Roman
Roman

Reputation: 3941

Python postgreSQL sqlalchemy query a DATERANGE column

I have a booking system and I save the booked daterange in a DATERANGE column:

booked_date = Column(DATERANGE(), nullable=False)

I already know that I can access the actual dates with booked_date.lower or booked_date.upper

For example I do this here:

for bdate in room.RoomObject_addresses_UserBooksRoom: 
    unaviable_ranges['ranges'].append([str(bdate.booked_date.lower),\
    str(bdate.booked_date.upper)])

Now I need to filter my bookings by a given daterange. For example I want to see all bookings between 01.01.2018 and 10.01.2018.

Usually its simple, because dates can be compared like this: date <= other date

But if I do it with the DATERANGE:

the_daterange_lower = datetime.strptime(the_daterange[0], '%d.%m.%Y')
the_daterange_upper = datetime.strptime(the_daterange[1], '%d.%m.%Y')

bookings = UserBooks.query.filter(UserBooks.booked_date.lower >= the_daterange_lower,\
UserBooks.booked_date.upper <= the_daterange_upper).all()

I get an error:

AttributeError: Neither 'InstrumentedAttribute' object nor 'Comparator' object associated with UserBooks.booked_date has an attribute 'lower'

EDIT

I found a sheet with useful range operators and it looks like there are better options to do what I want to do, but for this I need somehow to create a range variable, but python cant do this. So I am still confused.

In my database my daterange column entries look like this:

[2018-11-26,2018-11-28)

EDIT

I am trying to use native SQL and not sqlalchemy, but I dont understand how to create a daterange object.

bookings = db_session.execute('SELECT * FROM usersbookrooms WHERE booked_date && [' + str(the_daterange_lower) + ',' + str(the_daterange_upper) + ')')

Upvotes: 4

Views: 4605

Answers (1)

Ilja Everil&#228;
Ilja Everil&#228;

Reputation: 52949

The query

the_daterange_lower = datetime.strptime(the_daterange[0], '%d.%m.%Y')
the_daterange_upper = datetime.strptime(the_daterange[1], '%d.%m.%Y')

bookings = UserBooks.query.\
    filter(UserBooks.booked_date.lower >= the_daterange_lower,
           UserBooks.booked_date.upper <= the_daterange_upper).\
    all()

could be implemented using "range is contained by" operator <@. In order to pass the right operand you have to create an instance of psycopg2.extras.DateRange, which represents a Postgresql daterange value in Python:

the_daterange_lower = datetime.strptime(the_daterange[0], '%d.%m.%Y').date()
the_daterange_upper = datetime.strptime(the_daterange[1], '%d.%m.%Y').date()

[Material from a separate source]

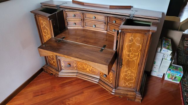 Dettagli del prodottoCassettiera del '900 con scrivania a scomparsa, intarsiata e con cassettini interni. Oggetto molto particolare e d'impatto in qualsiasi ambiente. Misure (circa): larghezza 141, altezza 94, profondità con scrivania chiusa 51 nel punto massimo, 43 nel punto minimo. Profondità con scrivania aperta 75. Visibile a Bergamo città con comodo parcheggio.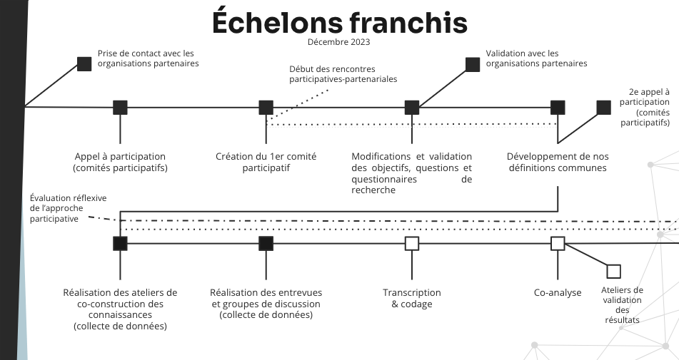 Ce comité comprends des militant-es féministes du Bénin oeuvrant en santé et s’intéressant à la question de la participation et des enjeux en santé et droits sexuels et reproductifs souhaitant s’impliquer dans ce projet de recherche. Elles participeront à différentes activités du processus de recherche, de la validation des objectifs de recherche, en passant par la collecte de données à la co-rédaction d’articles scientifiques et de conférences, selon leurs intérêts et désirs.

the_daterange = DateRange(the_dateranger_lower, the_daterange_upper)

bookings = UserBooks.query.\
    filter(UserBooks.booked_date.contained_by(the_daterange)).\
    all()

Note that the attributes lower and upper are part of the psycopg2.extras.Range types. The SQLAlchemy range column types do not provide such, as your error states.


If you want to use raw SQL and pass date ranges, you can use the same DateRange objects to pass values as well:

bookings = db_session.execute(
    'SELECT * FROM usersbookrooms WHERE booked_date && %s',
    (DateRange(the_daterange_lower, the_daterange_upper),))

You can also build literals manually, if you want to:

bookings = db_session.execute(
    'SELECT * FROM usersbookrooms WHERE booked_date && %s::daterange',
    (f'[{the_daterange_lower}, {the_daterange_upper})',))

The trick is to build the literal in Python and pass it as a single value – using placeholders, as always. It should avoid any SQL injection possibilities; only thing that can happen is that the literal has invalid syntax for a daterange. Alternatively you can pass the bounds to a range constructor:

bookings = db_session.execute(
    'SELECT * FROM usersbookrooms WHERE booked_date && daterange(%s, %s)',
    (the_daterange_lower, the_daterange_upper))

All in all it is easier to just use the Psycopg2 Range types and let them handle the details.